_Source material_:
++++++++
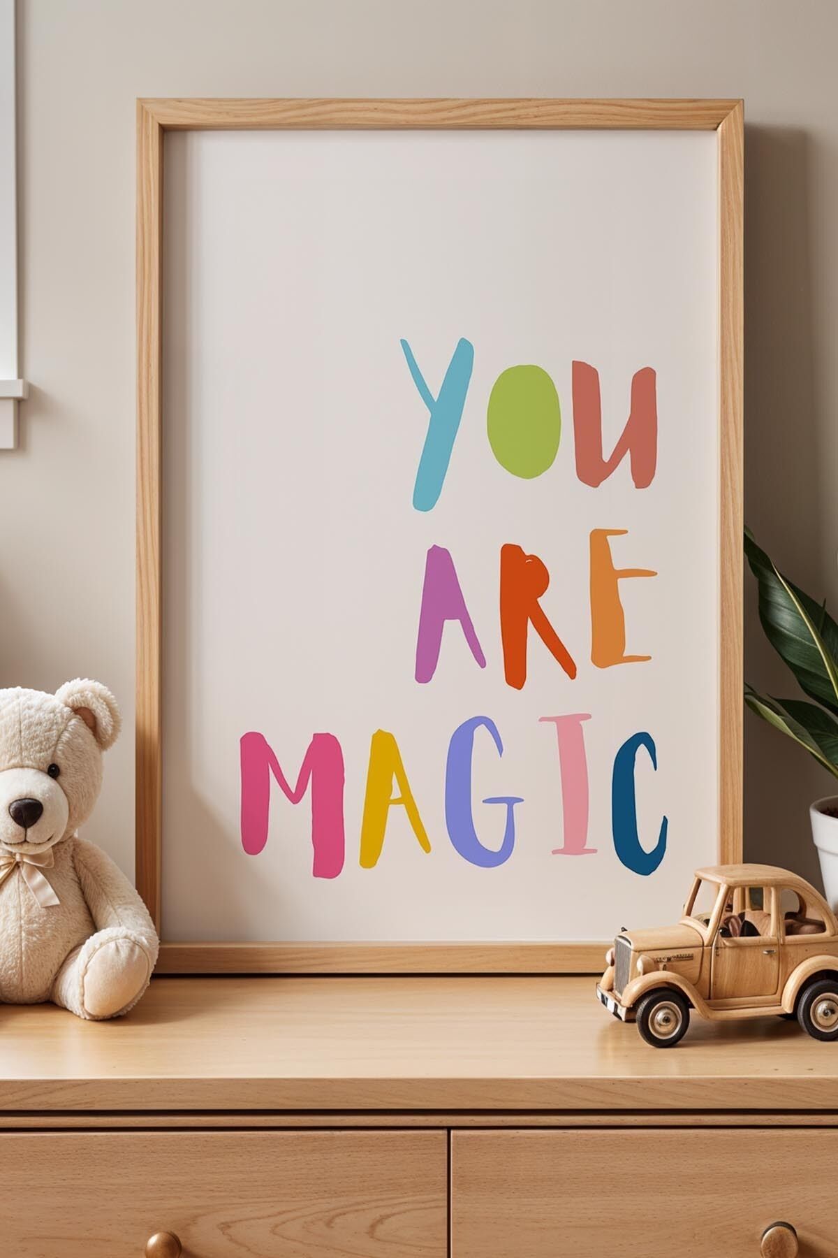 DOĞAL AHŞAP - You Are Magic Yazılı Çocuk Odası Ahşap Çerçeveli Duvar Tablosu
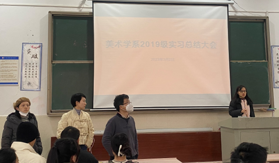 根据本科人才培养方案的规定以及教务处的要求,2023年3月2日上午10点,公司2019级全体美术学专业员工于鹤鸣南111教室召开了实习总结大会。蔡晓曦博士代表公司出席了会议,出席会议的还有曾素艳、丁凯、易琼娟老师3位实习带队老师。本次会议由曾素艳老师主持。
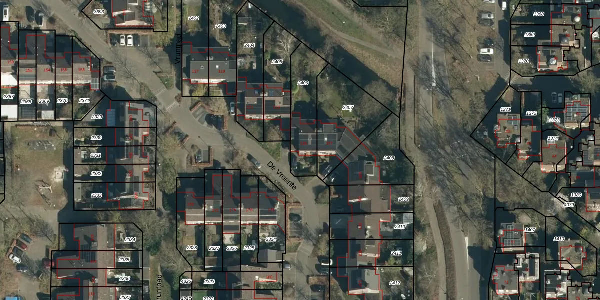 Het perceel waarop De Vroente 125 staat heeft een oppervlakte van 393 m². Dit is een groot perceel. De perceeloppervlakte wordt geregistreerd door het Kadaster. Gedetailleerde informatie over de maten van dit perceel kunt u vinden in het rapport Kadastrale kaart met maatvoering van De Vroente 125.
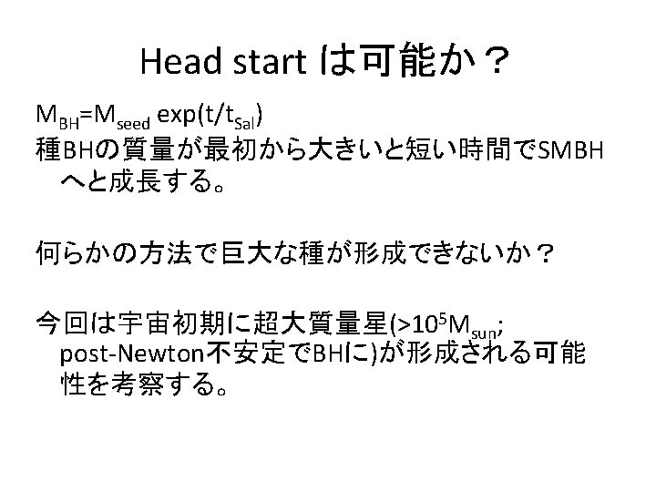 降着によるBHの成長 • 近傍のBH 質量密度はQSOがε=0. 1でEddington 降着しているとした予想 値とだいたい一致している (Soltan 1985, Yu&Tremaine 2002)。 • Eddington-limited accretion e (d. MBH/dt) c 2=LEdd =4 p. GMBHm. Hc/s. T より MBH=Mseed exp(t/t. Sal) ; ここで t. Sal = es. Tc/4 p. Gm. H=0. 05 Gyr e 0. 1 Mseed=100 Msun, MBH=109 Msunのとき、 tgrow = t. Sal ln(MBH/Mseed)= 0. 8 Gyr (cf. 宇宙年齢 0. 8 Gyr[(1+z)/8]-3/2)
++++++++
_Your instructions_:
Having located the line with "根据本科人才培养方案的规定以", copy it exactly along with every later line through the end of the listing above, but omit the pictures.

_Expected answer_:
 根据本科人才培养方案的规定以及教务处的要求,2023年3月2日上午10点,公司2019级全体美术学专业员工于鹤鸣南111教室召开了实习总结大会。蔡晓曦博士代表公司出席了会议,出席会议的还有曾素艳、丁凯、易琼娟老师3位实习带队老师。本次会议由曾素艳老师主持。
 Het perceel waarop De Vroente 125 staat heeft een oppervlakte van 393 m². Dit is een groot perceel. De perceeloppervlakte wordt geregistreerd door het Kadaster. Gedetailleerde informatie over de maten van dit perceel kunt u vinden in het rapport Kadastrale kaart met maatvoering van De Vroente 125.
 降着によるBHの成長 • 近傍のBH 質量密度はQSOがε=0. 1でEddington 降着しているとした予想 値とだいたい一致している (Soltan 1985, Yu&Tremaine 2002)。 • Eddington-limited accretion e (d. MBH/dt) c 2=LEdd =4 p. GMBHm. Hc/s. T より MBH=Mseed exp(t/t. Sal) ; ここで t. Sal = es. Tc/4 p. Gm. H=0. 05 Gyr e 0. 1 Mseed=100 Msun, MBH=109 Msunのとき、 tgrow = t. Sal ln(MBH/Mseed)= 0. 8 Gyr (cf. 宇宙年齢 0. 8 Gyr[(1+z)/8]-3/2)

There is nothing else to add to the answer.